Question 10: In Figure – 3, from an external point $P$ , two tangents $PQ$ and $PR$ are drawn to a circle of radius $4$ cm with centre $O$ . If $\angle QPR = 90^{\circ}$ , then length of $PQ$ is:

(A) $3$ cm (B) $4$ cm (C) $2$ cm (D) $2\sqrt{2}$ cm

Answer:

$\fbox B$

$PQ = PR$

Given $\angle QPR = 90^{\circ}$

Also $\angle OQP = \angle ORP = 90^{\circ}$

$\therefore \angle QOR = 360^{\circ} - ( 90^{\circ}+90^{\circ}+90^{\circ}) = 90^{\circ}$

Therefore $PQOR$ is a square

Hence all sides are equal.

Therefore $PQ = 4$ cm

$\\$

In Question Nos. 11 to 15, Fill in the blanks. Each question carries 1 mark.

Question 11: The probability of an event that is sure to happen, is $\underline{ \hspace{2.0cm}}$

Answer:

$\underline{ \hspace{0.5cm} 1 \hspace{0.5cm} }$

The probability of an event is a number describing the chance that the event will happen. An event that is certain to happen has a probability of 1.

$\\$

Question 12: Simplest form of $\displaystyle \frac{1 + \tan^2 A}{1 + \cot^2 A}$ is $\underline{ \hspace{2.0cm}}$

Answer:

$\underline{ \hspace{0.5cm} \tan^2 A \hspace{0.5cm} }$

$\displaystyle \frac{1 + \tan^2 A}{1 + \cot^2 A} = \Bigg[ \frac{(\cos^2 A + \sin^2 A)}{\cos^2 A} \Bigg] \Bigg[ \frac{\sin^2A}{(\sin^2 A + \cos^2 A)} \Bigg] = \frac{\sin^2 A}{ \cos^2 A} = \tan^2 A$

$\\$

Question 13: $AOBC$ is a rectangle whose three vertices are $A(0, -3), O(0, 0)$ and $B(4, 0)$ . The length of its diagonals is $\underline{ \hspace{2.0cm}}$

Answer:

$\underline{ \hspace{0.5cm} 5 \ units \hspace{0.5cm} }$

$AB = \sqrt{(4-0)^2 + ( 0+3)^2} = \sqrt{16+9} = \sqrt{25} = 5$

$\therefore AB = 5$ units

$\\$

$\displaystyle \text{Question 14: In the formula } \overline{x} = \frac{\Sigma f_i u_i}{\Sigma f_i} \times h , u_i = \underline{ \hspace{2.0cm}}$

Answer:

$\displaystyle \underline{ \hspace{0.5cm} u_i = \frac{x_i - a}{h} \hspace{0.5cm} }$

$\displaystyle \text{Given } \overline{x} = \frac{\Sigma f_i u_i}{\Sigma f_i} \times h$

$\displaystyle \therefore u_i = \frac{x_i - a}{h} \text{ where } h = \text{ class size, } a = \text{ assumed mean and } x_i = \text{ class mark }$

$\\$

Question 15: All concentric circles are $\underline{ \hspace{2.0cm}}$ to each other.

Answer:

$\underline{ \hspace{0.5cm} Similar \hspace{0.5cm} }$

All concentric circles are similar to each other.

$\\$

Question Nos. 16 to 20 are short answer type questions of 1 mark each.

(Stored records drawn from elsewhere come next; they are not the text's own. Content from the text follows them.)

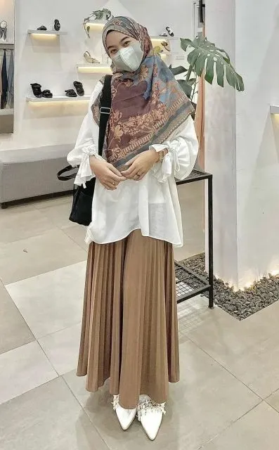 4. Blouse Putih dan Rok Plisket Pakai Hijab Motif
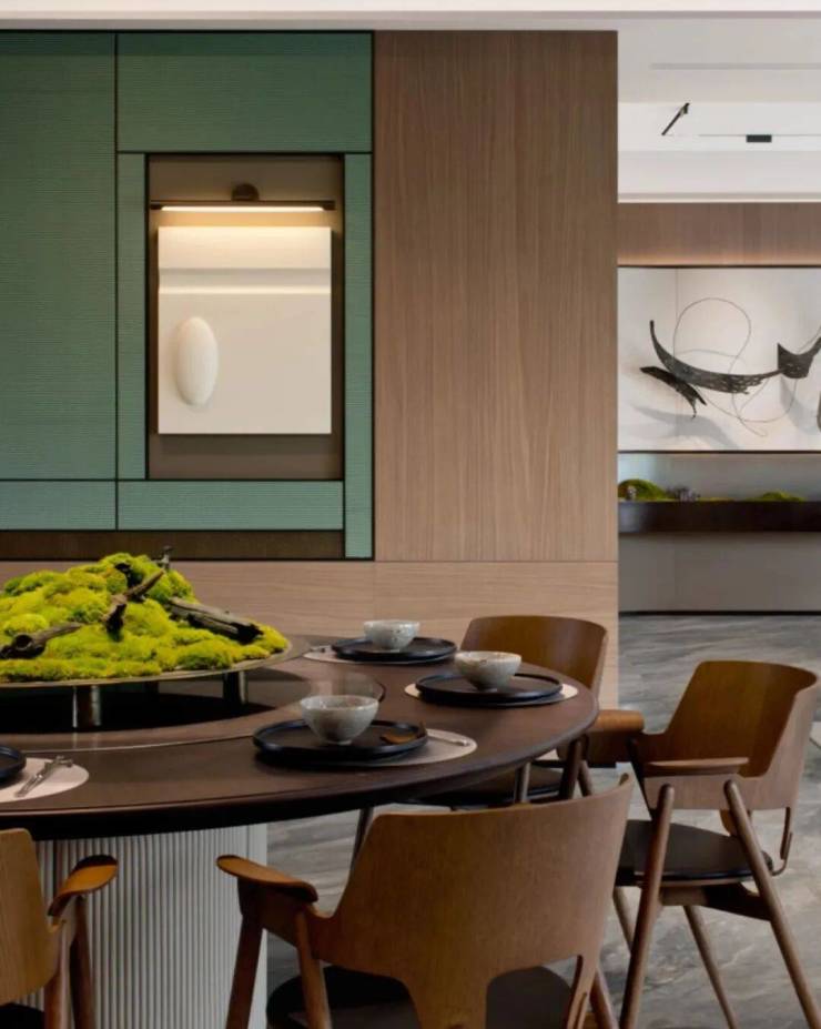 他从《西湖清趣图》中选取了11种色彩,让整个空间弥漫着雅致的宋韵。餐厅的背景墙用的是皮革编织,他选了一款非常特别的色彩——中国传统的「梧枝绿」。嵌入手工锻造的金属后,墙面仿佛成了蒙德里安的一幅画作。
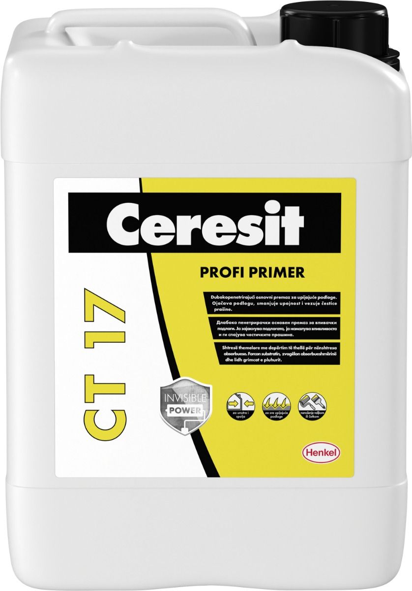 CERESIT® CT 17 je osnovni zidni i podni premaz za vezivanje slabo vezanih čestica prašine i povećanje vodoodbojnosti glet mase, gips-karton ploča i vlaknastih ploča, anhidrit podloga, visoko apsorbujućih maltera ili cementnih podloga, prirodnih ili veštačkih podova kao i betonskih podloga. Primenljiv unutrašnjim i spoljašnjim prostorima sa fokusom na lepljenje tapeta, nanošenje glet masa, boja, ili montažu termoizolacije, kao i na lepljenje keramičkih pločica i izlivanje podova.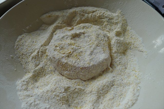 1) Set up three bowls. In one bowl place your breadcrumbs. In the second mix together the yoghurt and the milk. In the third bowl mix together the flour and the cornmeal.

Question 16: Find the sum of the first $100$ natural numbers.

Answer:

$S_{100} = 1 + 2 + 3 + \ldots + 100$

First term $(a) = 1 \text{ Common difference} (d) = 2 -1 = 1 \text{ Last term } (l) = 100$

$\displaystyle S_n = \frac{n}{2} (a+l)$

$\displaystyle \therefore S_{100} = \frac{100}{2} ( 1 + 100 ) = 50 \times 101 = 5050$

$\\$

Question 17: In Figure – 4, the angle of elevation of the top of a tower from a point $C$ on the ground, which is $30$ m away from the foot of the tower, is $30^{\circ}$ . Find the height of the tower.

Answer:

$\displaystyle \tan 30^{\circ} = \frac{AB}{30}$

$\displaystyle \Rightarrow \frac{1}{\sqrt{3}} = \frac{AB}{30}$

$\displaystyle AB = \frac{30}{\sqrt{3}} = 10\sqrt{3} \ \ m$

$\\$

Question 18: The LCM of two numbers is $182$ and their HCF is $13$ . If one of the numbers is $26$ , find the other.

Answer:

We know

$LCM \times HCF =$ Product of two numbers

$182 \times 13 = 26 \times x$

$\displaystyle \Rightarrow x = \frac{182 \times 13}{26} = 91$

Therefore the other number $= 91$

$\\$

Question 19: Form a quadratic polynomial, the sum and product of whose zeroes are $(-3)$ and $2$ respectively.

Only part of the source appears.